Thus the final optimization problem for selecting the best subset of candidate faces can be formulated as follows:

$$\begin{aligned} \min _{x_i,x_{ir}}&\lambda _d \cdot E_d + \lambda _c \cdot E_c + \lambda _i \cdot E_i + \sum _{i=1}^{N} x_i x_{ir} \end{aligned}$$
(9)
$$\begin{aligned} \text {s.t.}&\left\{ \begin{matrix} \sum \nolimits _{f_i \in \mathcal {N}(e_j)} sign(x_i,ej) \cdot x_i +&{} &{} \\ sign(x_{ir},ej) \cdot x_{ir} = 0&{} &{} \\ \sum \nolimits _{f_i \in \mathcal {N}(e_j)} x_i + x_{ir} \leqslant 2 \\ 0 \leqslant x_i,x_{ir} \leqslant 1 \end{matrix} \right. \end{aligned}$$
(10)

To obtain the final selection of candidate faces, we round the variables \(x_i\) and \(x_{ir}\) to the nearest integer. This is necessary because we are solving a continuous relaxation of the binary labeling problem. Therefore, the outcome will be close to 0 or 1 but not exactly. Each face for which either \(x_i\) and \(x_{ir}\) is 1 will be selected. The union of the selected faces comprises the final polygonal reconstruction.

Our method distinguishes from [1] in two aspects. Firstly, we implemented a hypothesis generator that is more robust for indoor scenes as explained the previous subsection. Secondly, our energy terms are able to better handle the missing or erroneous data as a result of occlusions and clutter in indoor scenes. A comparison between a reconstructed model obtained using the optimization problem of [1] and ours is shown in Fig. 6. As we can see despite the heavy clutter, our method is still able to detect the outer geometry of the room.

Fig. 6.
figure 6

Comparison between the optimization problem as defined in [1] and ours. From left to right: the cluttered indoor scene, the extracted planar primitives, the model reconstructed by [1], the model reconstructed by our method

Table 1. Information on the environment (no. rooms) and overall processing time.

4 Results

Our algorithm is implemented in C++ using the free Edition of the ALGLIB library for solving the quadratic optimization problem. To detect the planar primitives and construct the alpha shape meshes, we used the CGAL library [14]. We tested our pipeline on a set of 4 different real-world datasets from building interiors. All test were performed on a DELL XPS with an Intel Core i7 (1.8 GHz), 8 GB DDR3 RAM. Processing times for all models are given in Table 1 and vary from about 30 s to about 5 min for the complete pipeline. Note that our algorithm uses the free edition of ALGLIB and therefore runs on a single core. The planar primitive extraction is obtained using the RANSAC implementation in CGAL. For this we used the default parameter settings. The energy minimization depends on the weights \(\lambda _d\), \(\lambda _c\) and \(\lambda _i\) that we fixed to 0.2, 0.3 and 0.3 respectively, which was determined empirically.

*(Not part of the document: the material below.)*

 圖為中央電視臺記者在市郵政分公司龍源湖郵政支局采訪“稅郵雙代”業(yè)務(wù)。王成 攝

In Fig. 9 we show the output of our algorithm on 3 different datasets. The experiments show the advantages of our method. We were able to reconstruct the outer geometry of the rooms despite the clutter and missing or erroneous data. For example, if we take a closer look at the dining room from Appartment1 (see Fig. 7), we can see that the point cloud suffers from an extreme case of what we call a ghost-like double wall. Despite the erroneous data our method is able to correctly estimate the actual geometry of the room.

Fig. 7.
figure 7

A closeup from the dining room of Appartment1. The reconstructed model is shown in green. Despite the erroneous data the method is able to correctly estimate the geometry of the room. (Color figure online)

Fig. 8.
figure 8

A closeup from the bedroom on the second floor of House1. Due to a planar patch that was not detected, our method fails to reconstruct the correct geometry.

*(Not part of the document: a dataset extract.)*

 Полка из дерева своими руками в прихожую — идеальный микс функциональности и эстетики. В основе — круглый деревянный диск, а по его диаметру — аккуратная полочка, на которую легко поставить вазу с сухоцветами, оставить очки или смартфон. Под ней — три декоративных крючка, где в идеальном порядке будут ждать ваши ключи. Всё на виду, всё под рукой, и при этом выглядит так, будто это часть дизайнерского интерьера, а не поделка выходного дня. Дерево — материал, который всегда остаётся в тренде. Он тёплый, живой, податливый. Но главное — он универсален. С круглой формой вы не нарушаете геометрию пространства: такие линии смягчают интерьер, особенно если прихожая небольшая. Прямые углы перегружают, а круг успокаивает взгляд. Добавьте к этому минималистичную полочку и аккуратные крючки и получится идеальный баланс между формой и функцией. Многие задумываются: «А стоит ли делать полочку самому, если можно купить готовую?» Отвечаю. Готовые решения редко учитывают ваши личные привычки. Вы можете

However, our method also has its limitations. We rely on the detection of planar patches from the structural components of the room to reconstruct its outer geometry. As we cannot guarantee that all planar surfaces are correctly extracted, our method will fail to correctly reconstruct the geometry in such cases as can be seen in Fig. 8. In this point cloud, the points that were not assigned to any planar patch are marked yellow. As we can see, there was no planar patch detected near the door of the bedroom. Therefore, our method was not able to correctly reconstruct the outer geometry of the room.

Fig. 9.
figure 9

Our method applied on different real life datasets: House1, House2 and Appartment1 respectively. From top to bottom: the cluttered indoor scenes, the model reconstructed by our method

Fig. 10.
figure 10

Comparison between the results produced by our method and [1] on House4. From left to right: the cluttered indoor scenes, the model reconstructed by our method, the model reconstructed by [1]

In Fig. 10 we show a direct comparison between our method and the method from [1]. While their method is able to reconstruct most of the rooms, our method better describes the actual outer geometry. For example, in the close up from the living room, we can see that the method from Nan et al. Tries to overfit the clutter. The same problem was seen in the kitchen. Furthermore, some of the rooms were only constructed partially or not at all as a result of their non-robust hypothesis generator.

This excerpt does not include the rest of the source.